▸ How to complete this task:
For this exercise, write out only the lines of the entries below from the one with "Avui ens han" up to and including the one with "DZ/T 163-1995 地质仪器产品设计文件分类编号方法", exactly as they are. Pictures stay out.

▸ Records shown:

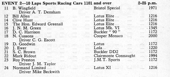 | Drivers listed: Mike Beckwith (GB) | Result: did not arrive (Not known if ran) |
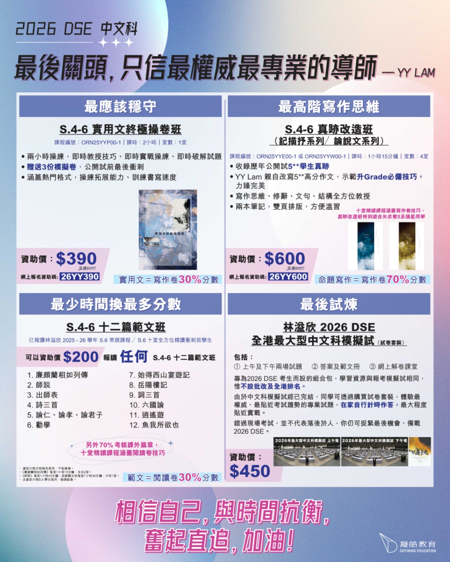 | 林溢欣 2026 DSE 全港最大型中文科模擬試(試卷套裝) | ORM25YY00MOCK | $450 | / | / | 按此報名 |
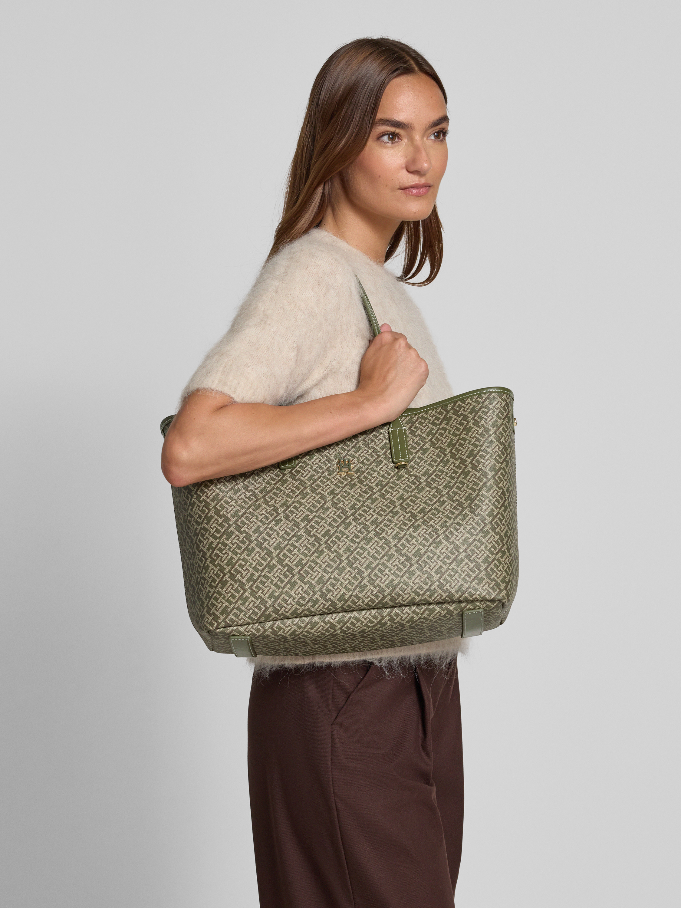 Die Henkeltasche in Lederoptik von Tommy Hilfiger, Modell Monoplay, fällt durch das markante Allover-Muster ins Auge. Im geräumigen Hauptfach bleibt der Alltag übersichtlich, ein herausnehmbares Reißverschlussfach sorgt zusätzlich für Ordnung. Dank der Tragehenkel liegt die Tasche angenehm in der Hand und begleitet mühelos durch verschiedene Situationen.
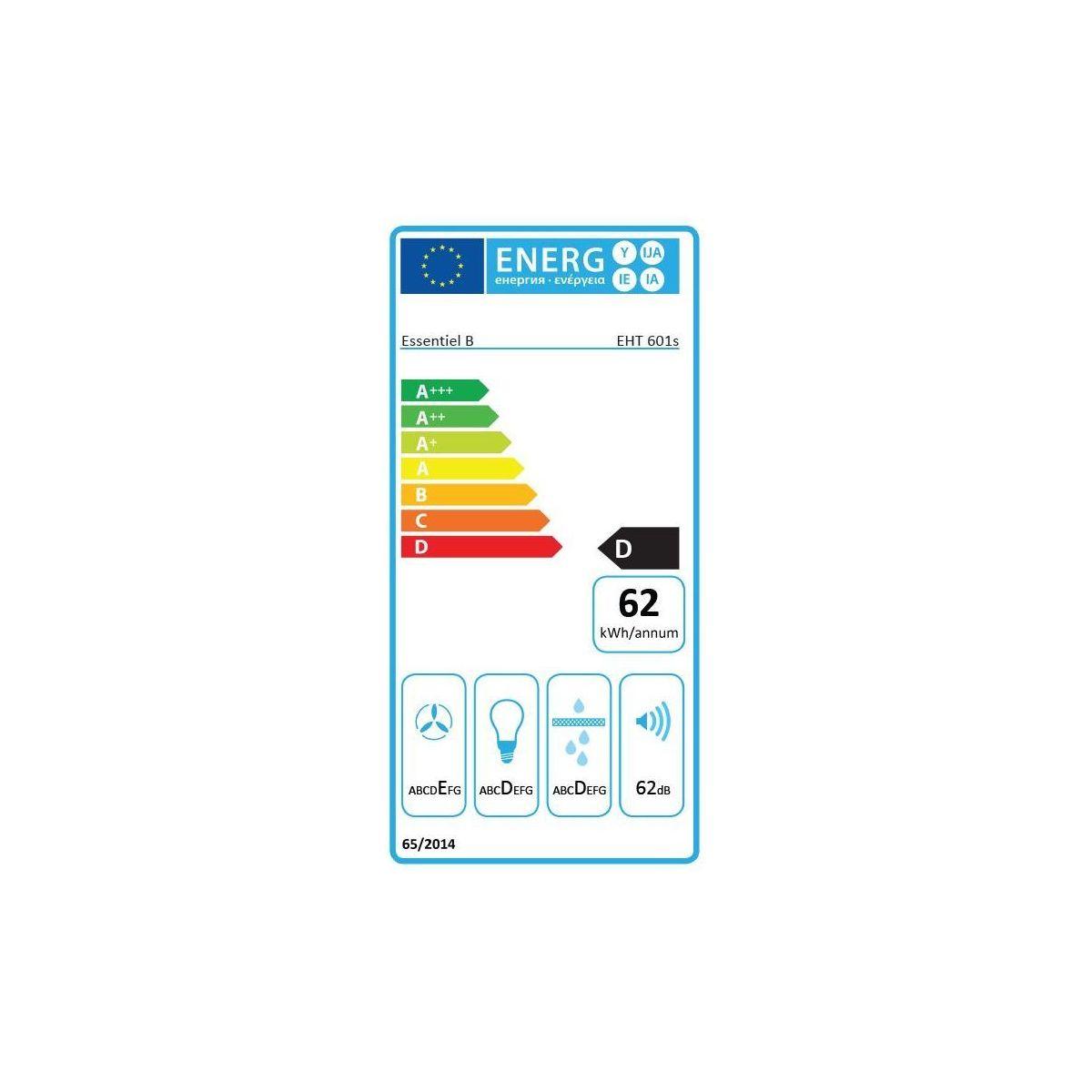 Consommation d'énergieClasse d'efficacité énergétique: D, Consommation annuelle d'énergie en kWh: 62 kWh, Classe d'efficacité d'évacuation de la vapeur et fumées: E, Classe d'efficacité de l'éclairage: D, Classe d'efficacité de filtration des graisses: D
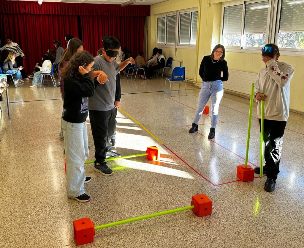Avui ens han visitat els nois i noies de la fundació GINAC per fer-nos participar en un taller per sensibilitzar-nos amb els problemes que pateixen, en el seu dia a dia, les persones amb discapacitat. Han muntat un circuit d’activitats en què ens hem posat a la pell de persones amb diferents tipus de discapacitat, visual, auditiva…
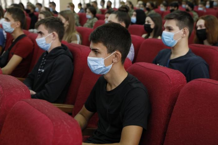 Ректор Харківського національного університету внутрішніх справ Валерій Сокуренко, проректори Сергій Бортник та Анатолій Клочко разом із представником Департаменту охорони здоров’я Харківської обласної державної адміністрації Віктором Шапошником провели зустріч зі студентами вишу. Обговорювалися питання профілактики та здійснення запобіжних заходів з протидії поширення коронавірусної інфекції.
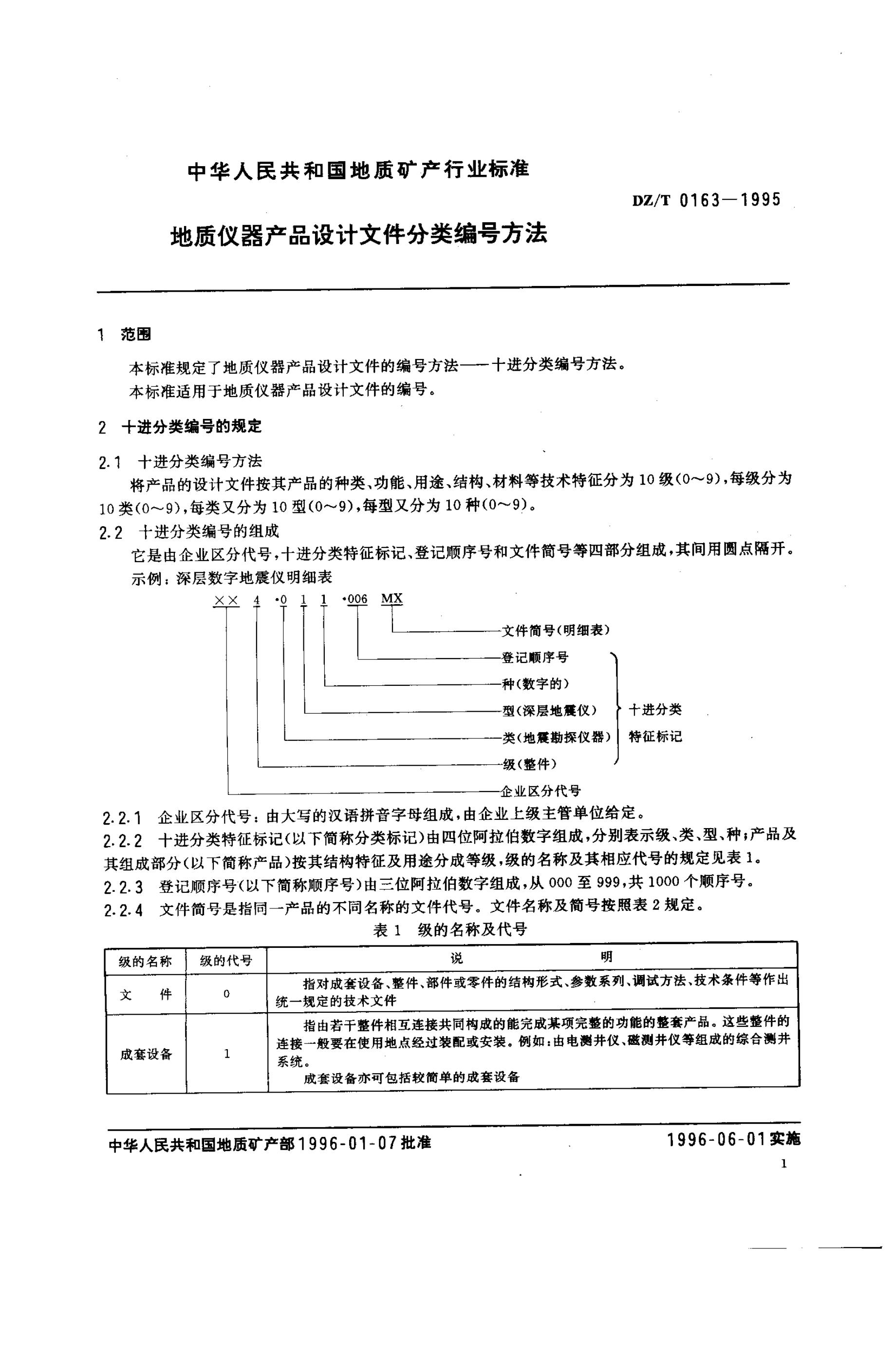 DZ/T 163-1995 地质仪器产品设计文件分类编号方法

==

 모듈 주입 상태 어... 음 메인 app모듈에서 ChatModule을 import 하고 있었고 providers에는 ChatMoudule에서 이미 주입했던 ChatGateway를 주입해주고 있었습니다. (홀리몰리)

▸ Solution to this problem:
Avui ens han visitat els nois i noies de la fundació GINAC per fer-nos participar en un taller per sensibilitzar-nos amb els problemes que pateixen, en el seu dia a dia, les persones amb discapacitat. Han muntat un circuit d’activitats en què ens hem posat a la pell de persones amb diferents tipus de discapacitat, visual, auditiva…
 Ректор Харківського національного університету внутрішніх справ Валерій Сокуренко, проректори Сергій Бортник та Анатолій Клочко разом із представником Департаменту охорони здоров’я Харківської обласної державної адміністрації Віктором Шапошником провели зустріч зі студентами вишу. Обговорювалися питання профілактики та здійснення запобіжних заходів з протидії поширення коронавірусної інфекції.
 DZ/T 163-1995 地质仪器产品设计文件分类编号方法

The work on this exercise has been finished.